# Bagged a Squirrel



## The Norseman (Mar 5, 2018)

Before anyone says anything about me mentioning that I didn't have the accuracy for ethical hunting yesterday, let me first mention that the squirrel was 7 ft away from me. It's pretty hard to miss from 7 ft. Now that we have that out of the way, let me tell the story. I was shooting into my catchbox in the woods, when I heard a chatter on my right. I looked over, and I saw what must have been the world's dumbest squirrel sitting on a stump 7 ft away from me. I hadn't had a good squirrel stew in 8 months and it was an easy shot, so I took it. The little tree rat dropped like a rock. I took a photo, skinned and cleaned it, covered the meat in snow, and went back to shooting. After a great shooting session, I went back to the house and made stew.

Before









After









Ours is the only sport other than archery that I can think of, where you can target practice, and game will not be scared off.


----------



## 31610 (Aug 20, 2017)

How does tree rat taste let me guess like chicken .not to many people hunt them around me most game taken is white tail moose goose and rabbit and good old road chicken .I like to bag some road chickens I had had them before and I like them


----------



## BushpotChef (Oct 7, 2017)

Very nice, always nice when you get a meal out of the deal. Just goes to show you should never miss a day of practice, if you hadn't been out there you never would have seen him! I have taken several rabbits that wandered around my property edge while I was practicnig for 20m air rifle. I was hitting 2" spinners off hand at that distance 10/10 so needless to say they were well within range at the 40-50" I took them.

Nice shooting, & a lovely looking stew. 

Sent from my SM-J320W8 using Tapatalk


----------



## The Norseman (Mar 5, 2018)

Port boy said:


> How does tree rat taste let me guess like chicken .not to many people hunt them around me most game taken is white tail moose goose and rabbit and good old road chicken .I like to bag some road chickens I had had them before and I like them


It is much more gamey than chicken, and it is a darker meat.


----------



## Jolly Roger (Aug 14, 2017)

I just sit and watch the tree squirrels and cotton tails as the romp and play. I'll shoot any ground squirrel I can take a shot at. They are a nuisance and certainly not fit to eat. But I long ago stopped eating tree squirrel and rabbits. They're just too much fun to sit, watch and enjoy. For me that is. Some get the thrill of the kill and their belly full.

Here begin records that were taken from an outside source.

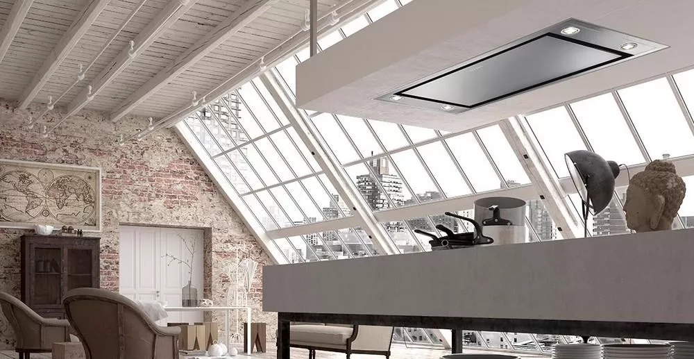 Digestoř je určena k plnému zapuštění do stropního podhledu a zajistí maximální volný prostor nad pracovní plochou. Při externím umístění motoru se navíc snižuje výška sádrokartonového podhledu a potrubí je možné napojit jak z boční části korpusu, tak shora.
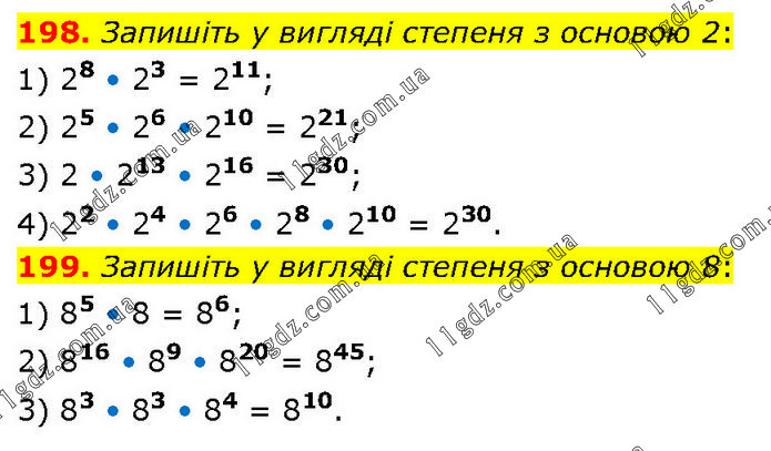 198. Запишіть у вигляді степеня з основою 2: 1) 28 • 23 = 211; 2) 25 • 26 • 210 = 221; 3) 2 • 213 • 216 = 230; 4) 22 • 24 • 26 • 28 • 210 = 230. 199. Запишіть у вигляді степеня з основою 8: 1) 85 • 8 = 86; 2) 816 • 89 • 820 = 845; 3) 83 • 83 • 84 = 810.
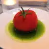 Creativity is certainly on show at Persijn, QO’s restaurant. Here on the ground floor, the zesty produce of the greenhouse is transformed into colourful bursts of flavour. A blanched tomato, glowing red, sits in a lime-green pool of basil oil. Press a fork into its skin, and ribbons of mozzarella tumble out. A fillet of plaice is partnered by parsnip cream, endive and parsley oil.
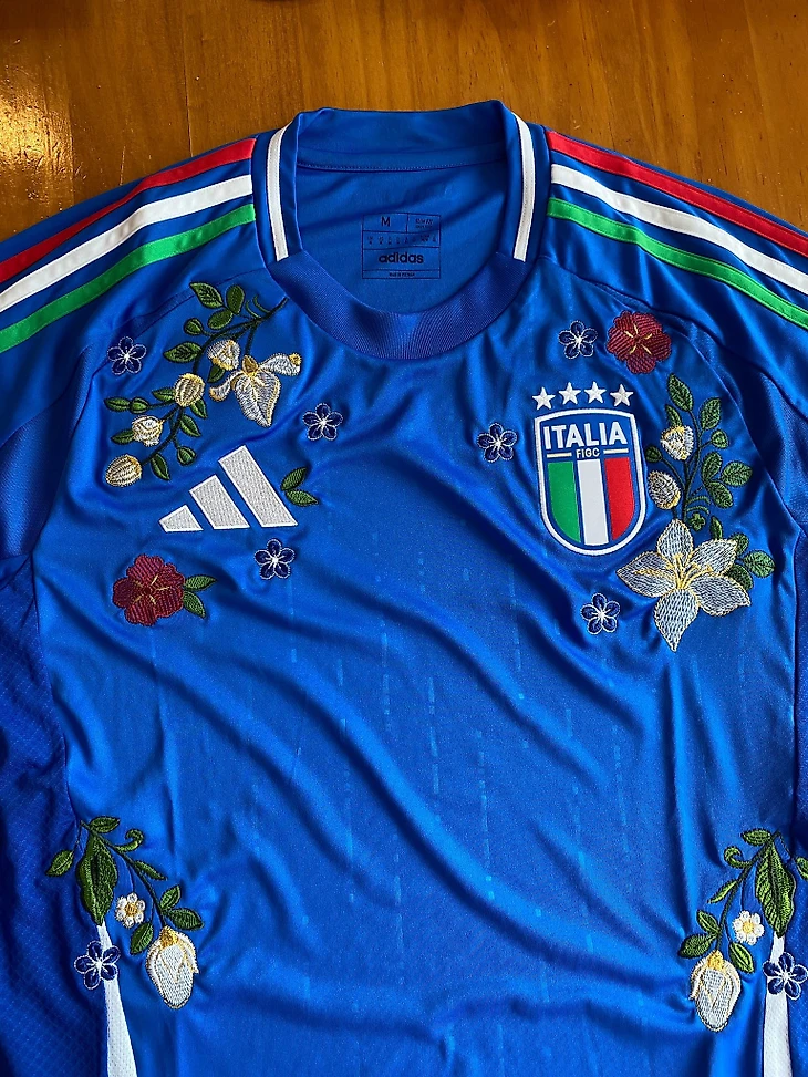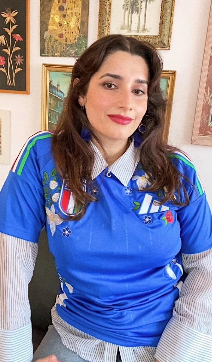 Знакомьтесь – Диана Аль Шаммари. Девушка создает кастомные майки футбольных клубов и сборных. Диана добавляет на форму вышивку, обычно в виде цветов. На этой фотографии девушка демонстрирует одну из своих работ – футболку сборной Италии с авторской вышивкой:

I once read a quote that went something like "a man has reached his full measure of maturity when he begins to hunt with a camera instead of a rifle". I just googled it but came up with no results for that quote but I've always remembered it yet seldom grab my camera.


----------



## Buckskin Dave (Apr 4, 2018)

The Norseman said:


> Port boy said:
> 
> 
> > How does tree rat taste let me guess like chicken .not to many people hunt them around me most game taken is white tail moose goose and rabbit and good old road chicken .I like to bag some road chickens I had had them before and I like them
> ...


If you soak them for a few hours in some salt water then dump it and soak a few more hours in salt water they lose a good bit of the gamey flavor. I brown mine first in olive oil then debone and start the stew stock. Potatoes, carrots, onions, season with some some Butt Rub, Back Eddys, salt and pepper and its very good. Perfect for a slow cooker pot meal on a winter day.


----------



## The Norseman (Mar 5, 2018)

Butt rub is very good, it is my Granddad's secret ingredient. Have you ever tried South African Smoke seasoning from Trader Joes? That makes everything better!


----------



## BushpotChef (Oct 7, 2017)

Buckskin Dave said:


> The Norseman said:
> 
> 
> > Port boy said:
> ...


Thank you very much for sharing that I'll be sure to try that next, I love soups & stews. 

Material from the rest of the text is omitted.